What this game lacks for it to be a Sandbox MMO
While this subject is saturated in this forum, the fact that you cant really get the MMO-sandbox (that FD promotes) feeling, kills the MMO experience for the meta-gamer. Aside from the arena-like pvp and the constant danger of being ganked (that can easily be avoided by going single), player interaction is absent. Yes the market is dynamic, driven by player actions as well as NPC actions, but that could also be simulated to an extend with some algorithms. Bringing corporations, Player owned structures/systems and/or industry could solve that, but I don't think this game aims at that, it "feels" against its nature so far.

Meta gaming
The lack of the complexity of a pure MMO, in addition to the simplicity of a Single player game, make it very easy for one to reach its meta limit. I've played less than 10 hours before finding the way to earn > 1.5m/hour, making it only a matter of time before I reach the best ship/loadout credits can offer. The grind to that point though feels like grinding for credits in a single player game, which was ok 10 years ago, but not today... Finding the best loadout may take a little extra research and testing but is still doable, leaving only pure RL skill decide the good players. While this might seem like a good thing (and really is to some extend), everyone else is left hanging with a feeling of underachievement that leads to people leaving for other games which reward time investment over pure skill. Dont get me wrong, rewarding real skill is good but if you want numbers you gotta reward everyone.

TLDR: The meta-research that ppl engage to, as they are used to do in MMOs, kills the fun of the game. There isn't much incentive to perceive it as a single player game and there isn't much complexity to live up to "sandbox".


Disclaimer
I am a fairly new player and I come from EvE Online, which surely has taken its toll on my standards.
 
A meta gamer will not meta-research a single player game (or will do so with some limitations in mind), as this will ruin the fun for him and will kill immersion, beating the very reason hes playing the game in the first place.
So MMOs are not about fun and immersion ?
At least this explain me why I don't really understand some players in MMOs.
 
I just really wish frontier would stop treating this game like an MMO.
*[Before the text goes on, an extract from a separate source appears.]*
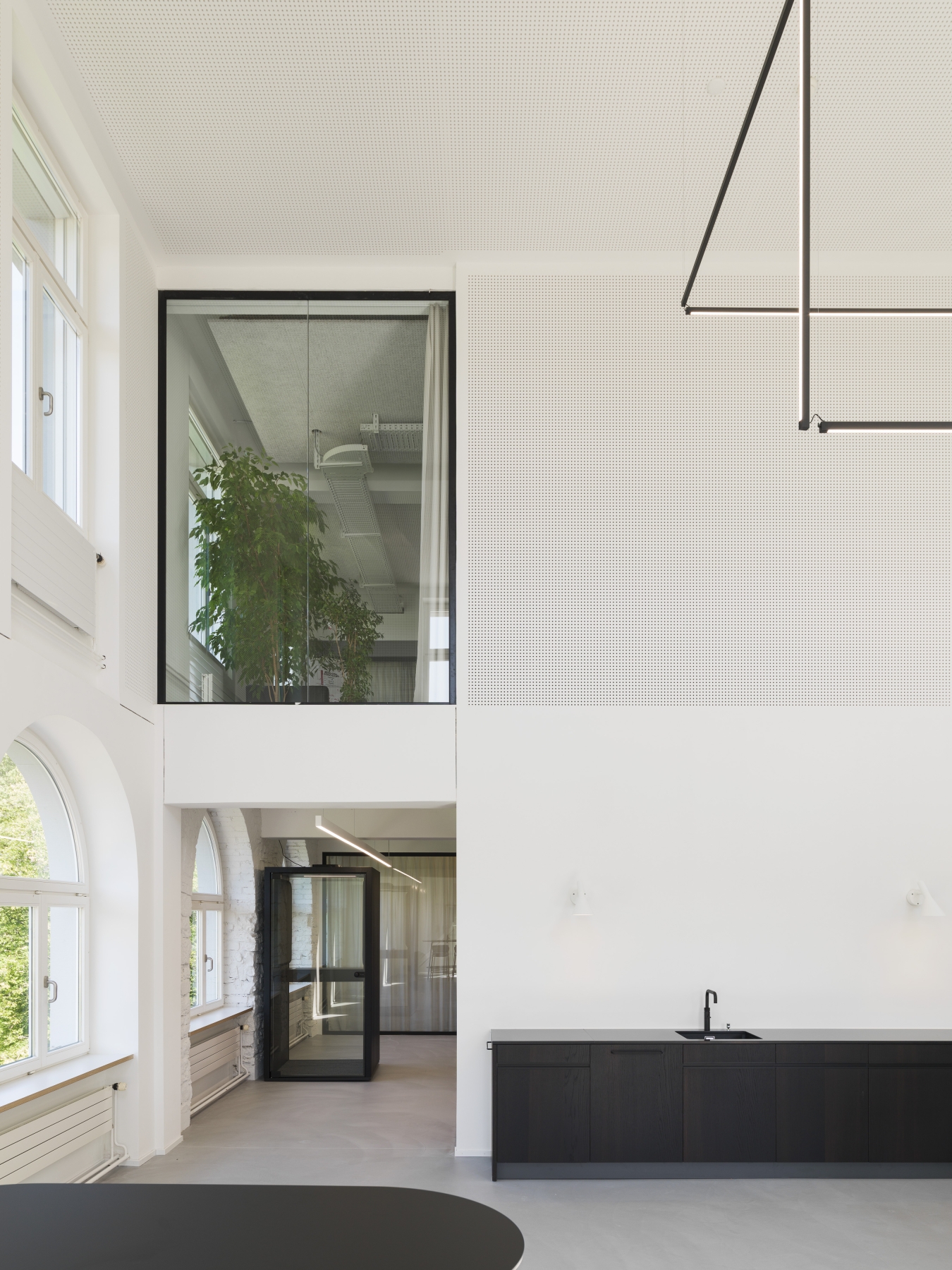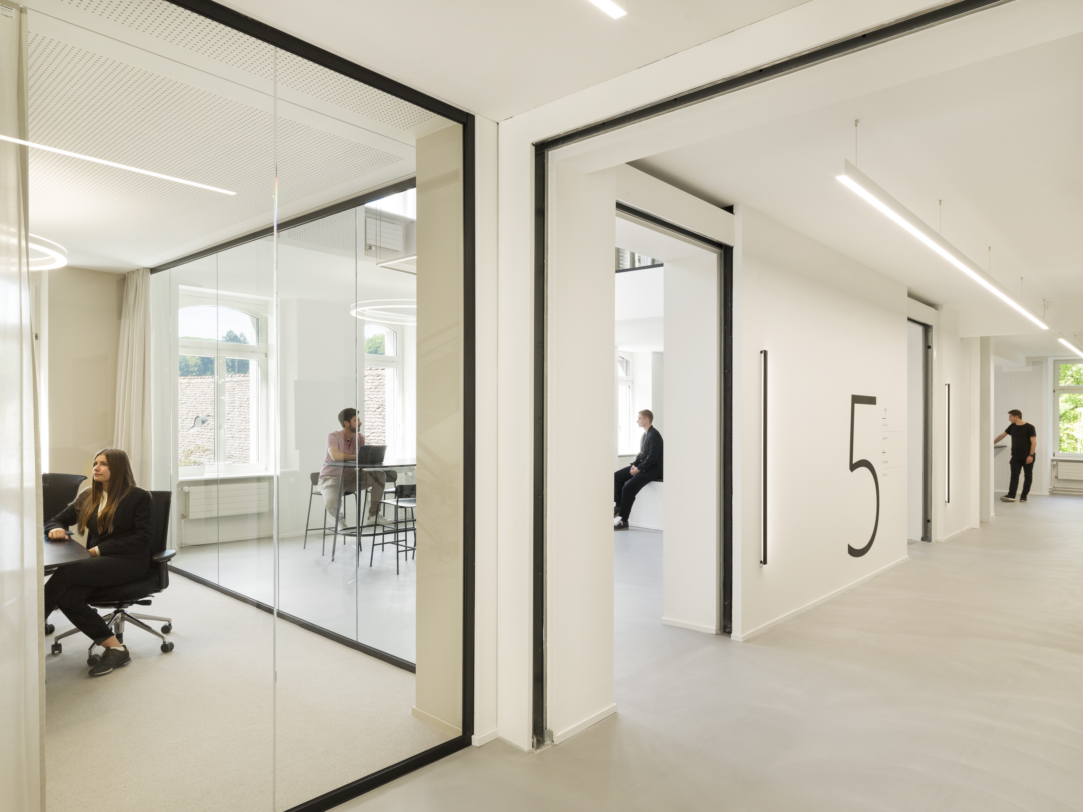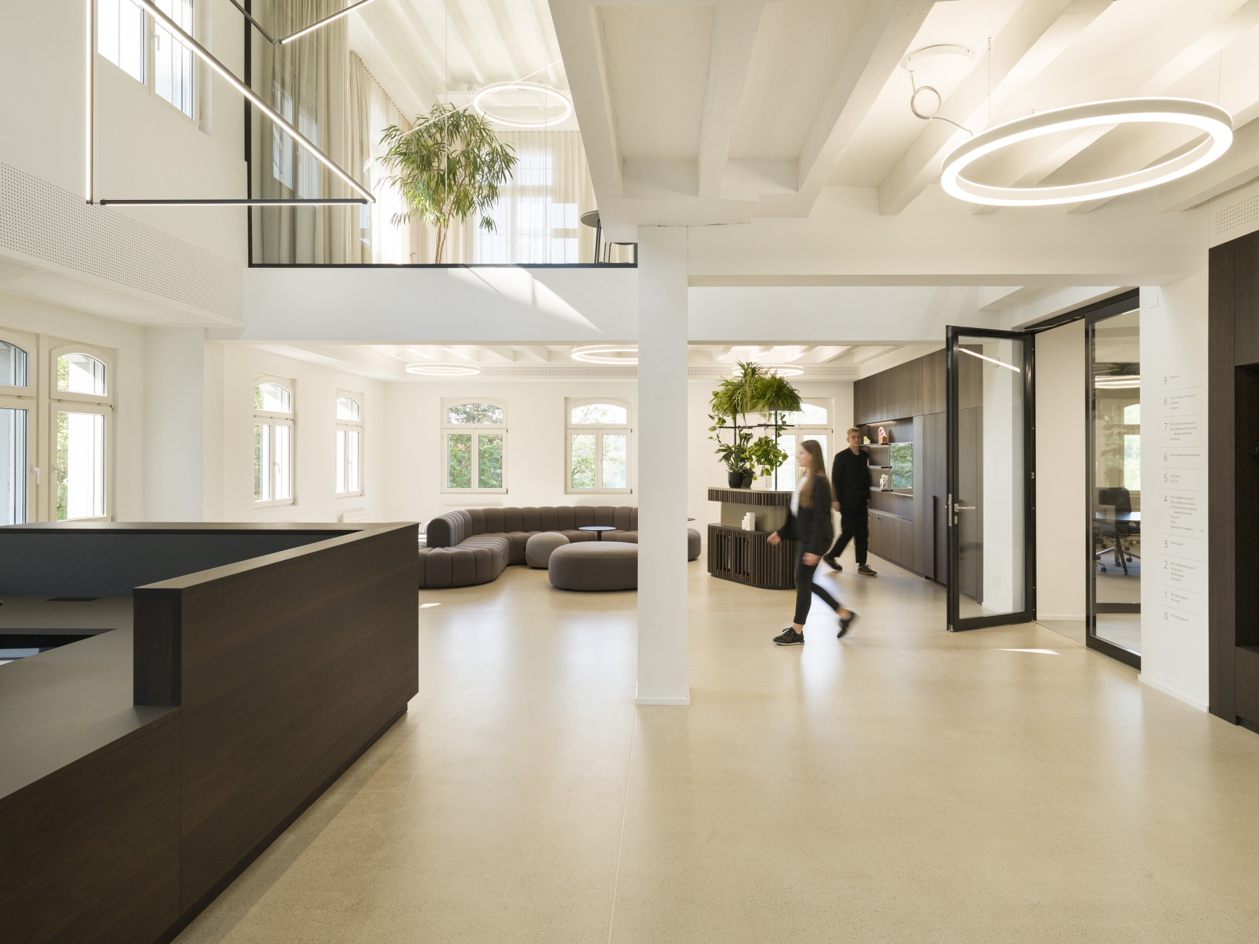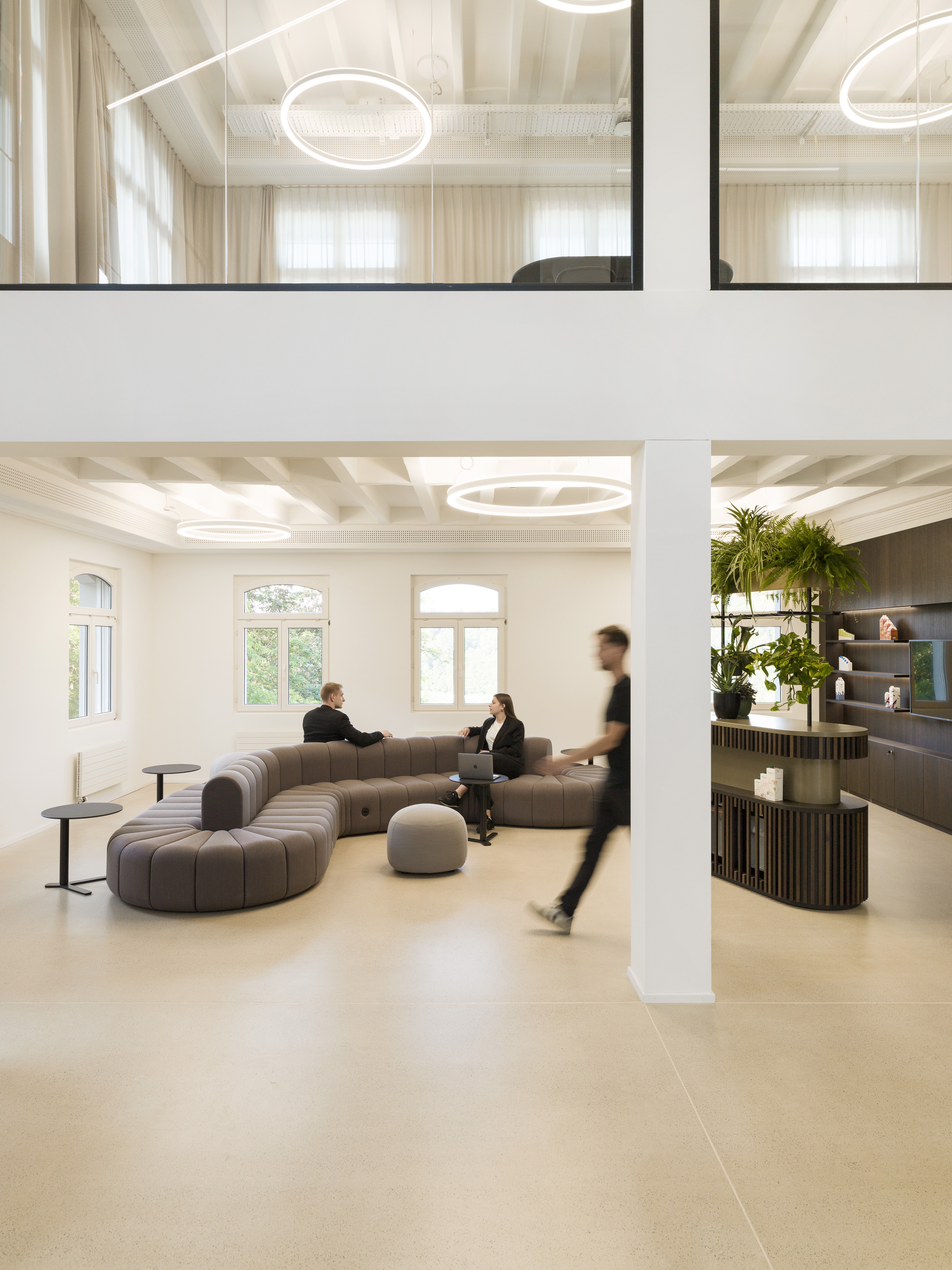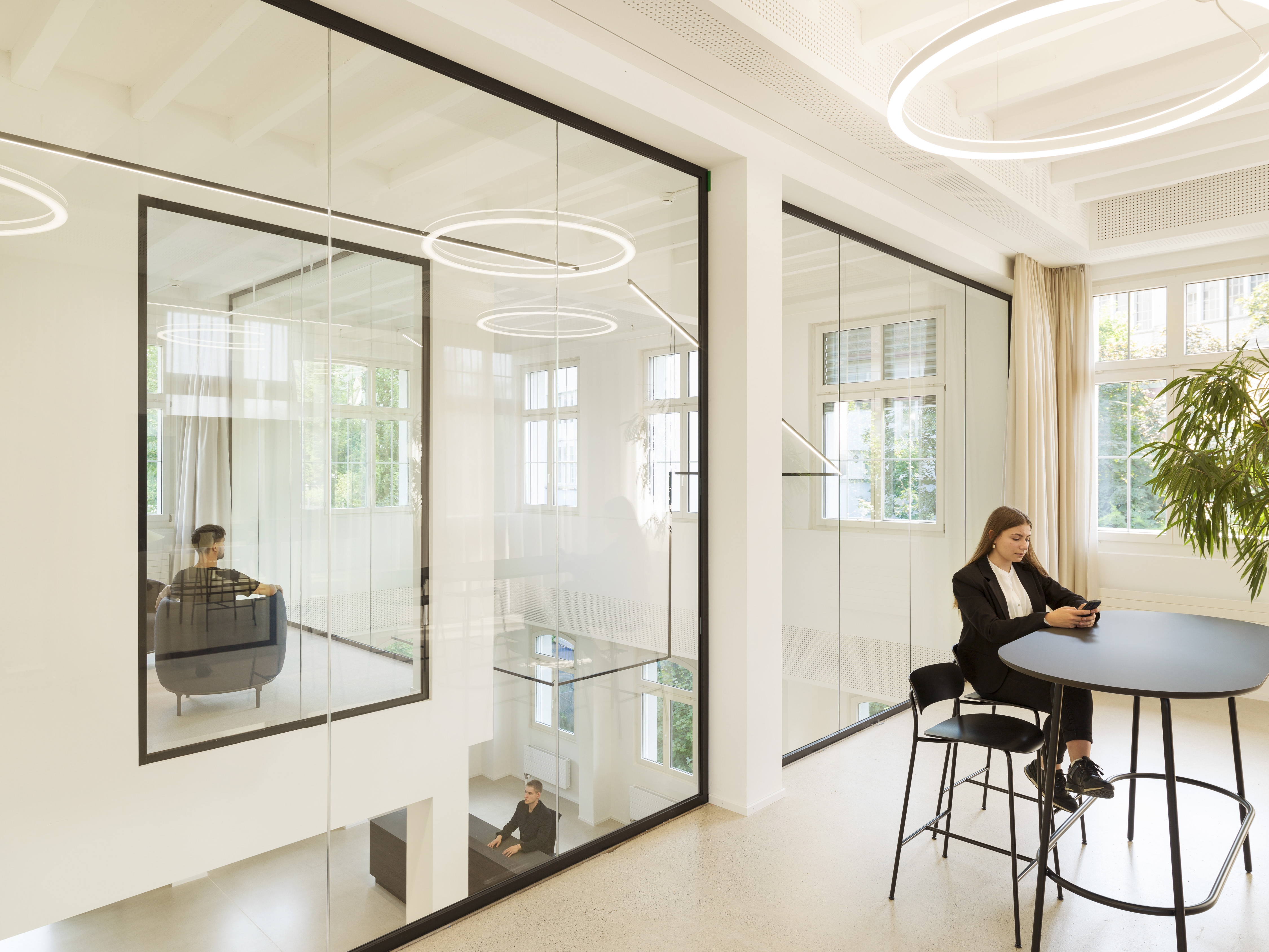 Within the existing exterior of this nationally protected monument, Dost develops a flowing spatial concept. Cross-story ceiling openings connect sight lines, visually accessing the individual areas of the company through the meeting spaces. This creates a new feeling for the impressive building geometry and the exposed location. At the interface of the elevated and the longitudinal building, through the new connection within the house, a space of shared appreciation has been created. Where the actual quality of the current workplace design lies.

MMOs are stale skinner-boxes. Save EVE Online, which is it's own beast.

There is nothing in that genre that anyone should try to imitate - painful timesinks and uninspired generic quests have never made any game fun.

In fact, other than "missions" and power play, this game doesn't at all feel like an MMO, which in my mind is great.

So all Frontier needs to do at this point is tell us or show us that the cheeseball generic crap is just placeholder content, and we can promptly stop comparing the game to an MMO and resume having fun with our excellently built space sim that coincidentally has other pilots flying around in it.
 
So MMOs are not about fun and immersion ?
At least this explain me why I don't really understand some players in MMOs.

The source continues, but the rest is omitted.